Ante la irremediable finitud de la existencia humana muchos buscan exorcizar su miedo a la muerte. La sociedad occidental ha tratado de “domesticar la muerte”,  ‘civilizarla’; ha utilizado todos los recursos que ofrece la técnica para evitar que la realidad de la muerte deje rastros en el mundo de los vivos. Todos los días se habla de muertes, pero no de la muerte en cuanto tal y de lo que implica en su radicalidad. Hablar de la muerte se convierte en un tema tabú. En las ciudades modernas muchos entierros se hacen en estricto privado, el cadáver es maquillado para que tenga una buena apariencia, en definitiva: se busca disimular la realidad radical y trágica de la muerte, se busca expulsarla de la esfera de los vivos.
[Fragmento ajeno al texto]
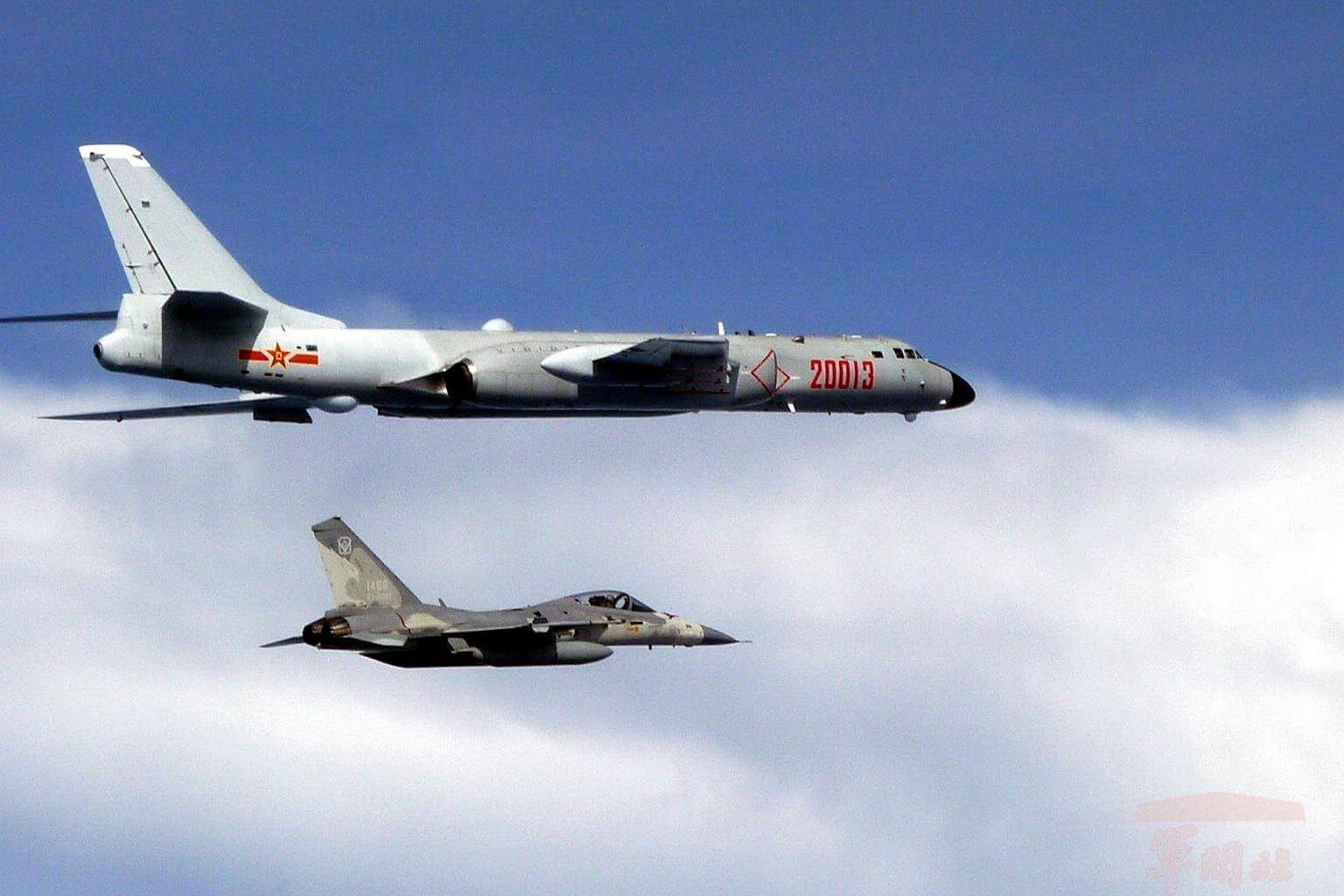 A Taiwan Air Force Indigenous Defense Fighter (IDF) jet (bottom) intercepting a Chinese H-6 bomber after it entered Taiwan's Air Defense Identificaiton Zone (ADIZ) on July 20, 2017.

 Resulta patético los intentos de algunos personajes, con gran capacidad económica, de aferrarse desesperadamente a la posibilidad de vencer la muerte, creyendo que podrían ser ‘reanimados’ (vueltos a la vida terrena) después de varios años de muertos, cuando la medicina descubra la curación del mal que ocasionó su deceso; para ello esas personas invierten en vida, o a través de sus familiares, ingentes sumas de dinero en el alquiler o compra de cámaras especiales donde sus cuerpos puedan permanecer conservados íntegramente, a la espera de esa “resurrección material” como milagro de la ciencia. Cuando los familiares de esas personas difuntas no pueden seguir pagando el costo del mantenimiento para conservar los cuerpos intactos, se ven en la necesidad de proceder a su inhumación o cremación, así termina la esperanza en una resurrección terrenal. Todo esto nos revela que el hombre se resiste a morir para siempre, pues el hombre no ha sido creado para la muerte sino para la vida, sólo en Dios puede ver plenamente realizada esa esperanza de vida eterna. La resurrección de la cual la Biblia nos habla, no es, el de la resurrección que promete la ciencia, no es la reanimación de un cadáver o de unos restos materiales.

La muerte del cristiano, como señalaba el teólogo Karl Rahner, “No es sólo un fenómeno natural, no solo es manifestación del pecado. La muerte es también manifestación de nuestro conmorir con Cristo, la culminación de la apropiación, por parte nuestra de su muerte redentora” (Rahner, K.: Sentido Teológico de la muerte. Barcelona, Herder, 1965, p. 63). Cristo con su muerte en la cruz asumió y murió nuestra propia muerte, para que con su resurrección podamos también resucitar con Él. En los sacramentos, particularmente en el Bautismo y la Eucaristía, nos apropiamos de los méritos de Cristo obtenidos por su muerte redentora. Por el hecho de haber muerto Cristo,  y haber vencido a la muerte, esa gracia se ha hecho también nuestra. La apropiación de la muerte de Cristo transforma nuestra muerte. Con la muerte del cristiano, como dice K. Rahner, se cumple realmente lo que en el Bautismo se enuncia y acontece “sacramentalmente”: el morir en Cristo. En efecto, el bautismo es el comienzo sacramental de la muerte cristiana, porque es el comienzo de la vida de la gracia (Cf., Rm 6, 1-11). Definitivamente: El cristiano en gracia de Dios muere una muerte distinta a la del pecador.

 El 02 de noviembre la Iglesia conmemora a “Todos los fieles difuntos”, es decir, a todos aquellos hermanos nuestros, que después de dejar este mundo, tienen necesidad de pasar por un periodo de purificación temporal (Purgatorio) antes de llegar a su destino final (el Cielo).